__DIRECTIONS FOR THIS TASK__. Take the lines from the one containing "غزة - أوضاع" through the end of the material and write them out exactly, omitting pictures.

__INPUT__.
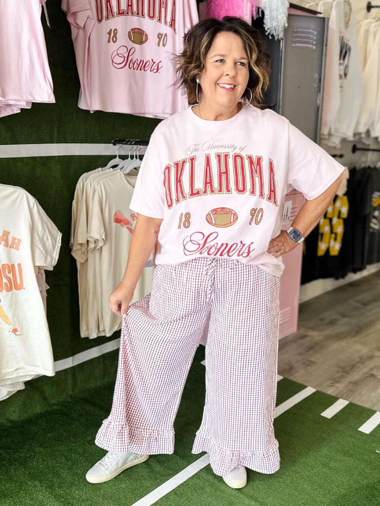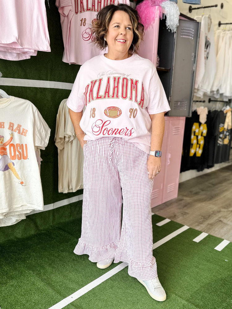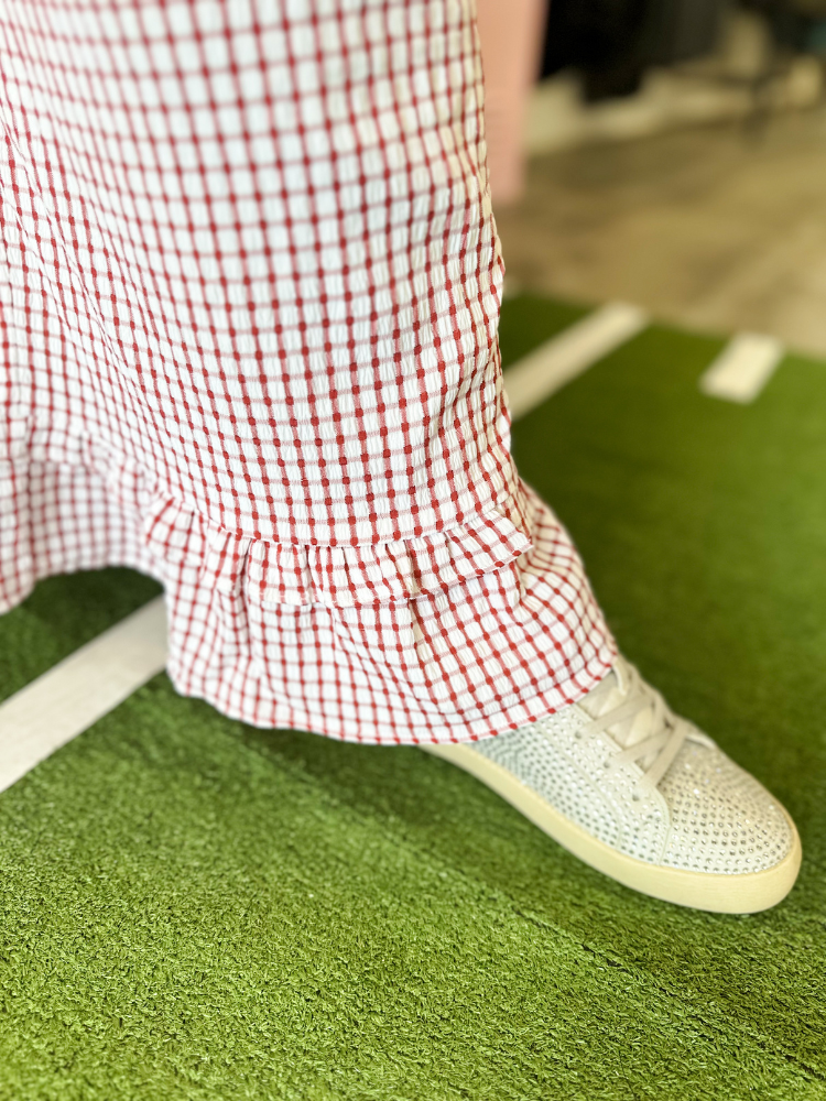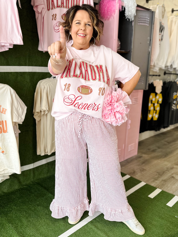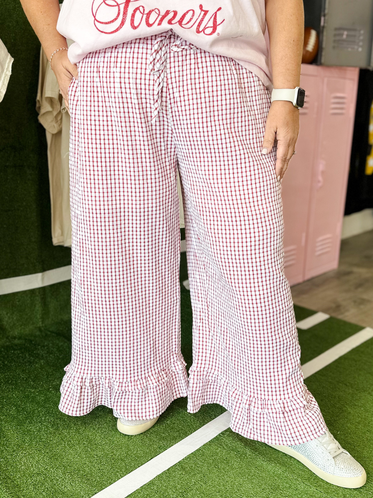 Step into game day with The Reagan Bottoms in Dark Red. These pants feature a bold checkered pattern and playful ruffled details, combining style and comfort effortlessly. Perfect for showing off your team spirit while staying chic and confident all day long. Elevate your casual wardrobe with a vibrant pop of color and unique design that turns heads wherever you go.
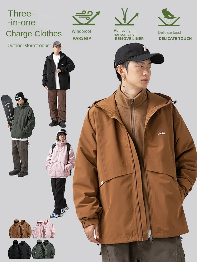 OEM & ODM Autumn Men's Women's Three-in-One Charging Bomber Jacket Detachable Liner CUSTOMIZED R&D Wholesale Sample
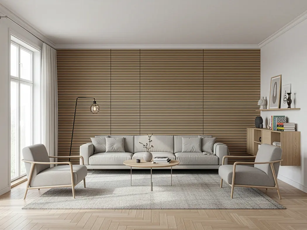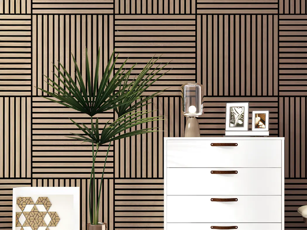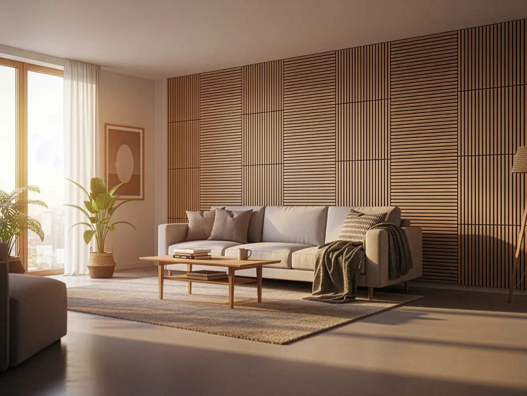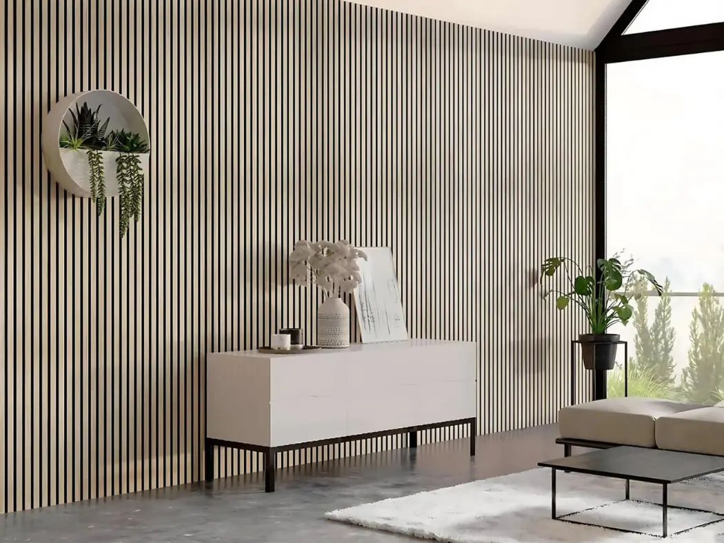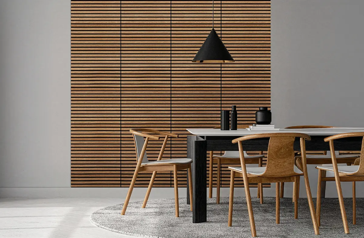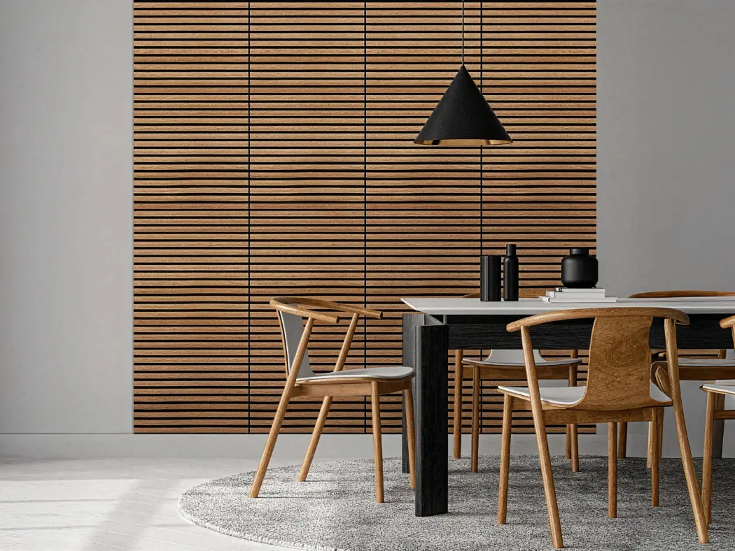 Painéis acústicos de madeira que combinam conforto, estética e funcionalidade. Compostos por MDF e fibra de poliéster PET, com propriedades de absorção sonora, oferecem um acabamento aconchegante. Seu design em estilo painel ripado melhora a absorção acústica. Uma solução sustentável e versátil para valorizar o design de qualquer ambiente.
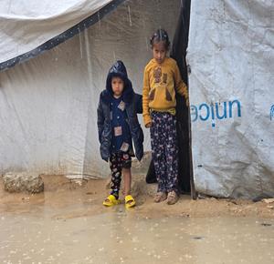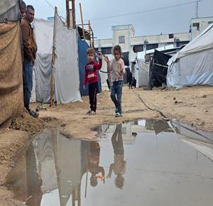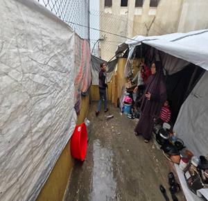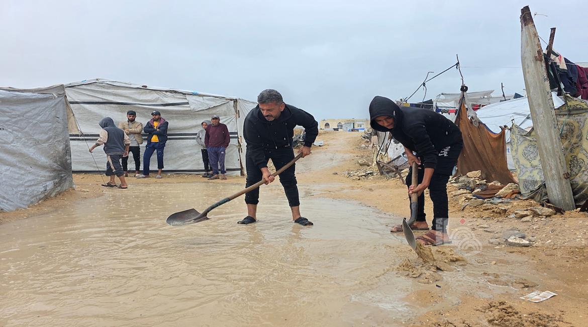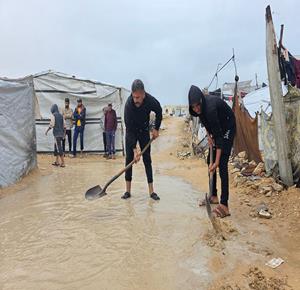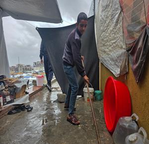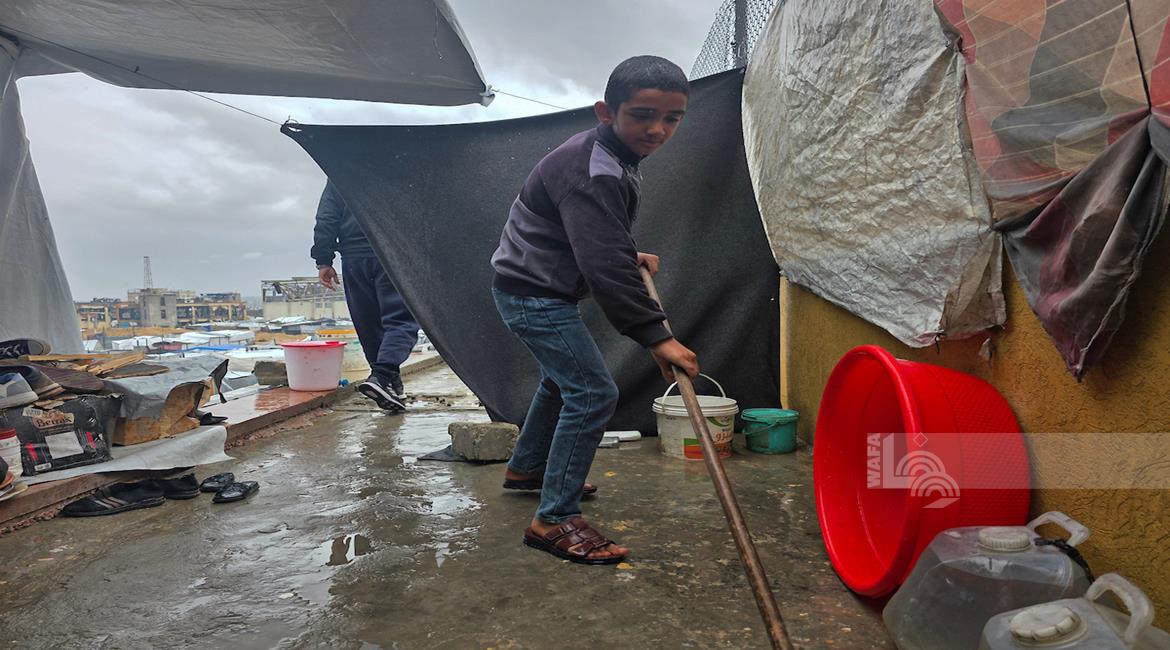 غزة - أوضاع معيشية تزداد قسوة على النازحين مع المنخفض الجوي في خان يونس
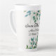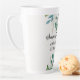 Elegant Save the Date Latte Mug with Beautiful Green Leaves.

__RESULT OF THIS EXERCISE__.
 غزة - أوضاع معيشية تزداد قسوة على النازحين مع المنخفض الجوي في خان يونس
 Elegant Save the Date Latte Mug with Beautiful Green Leaves.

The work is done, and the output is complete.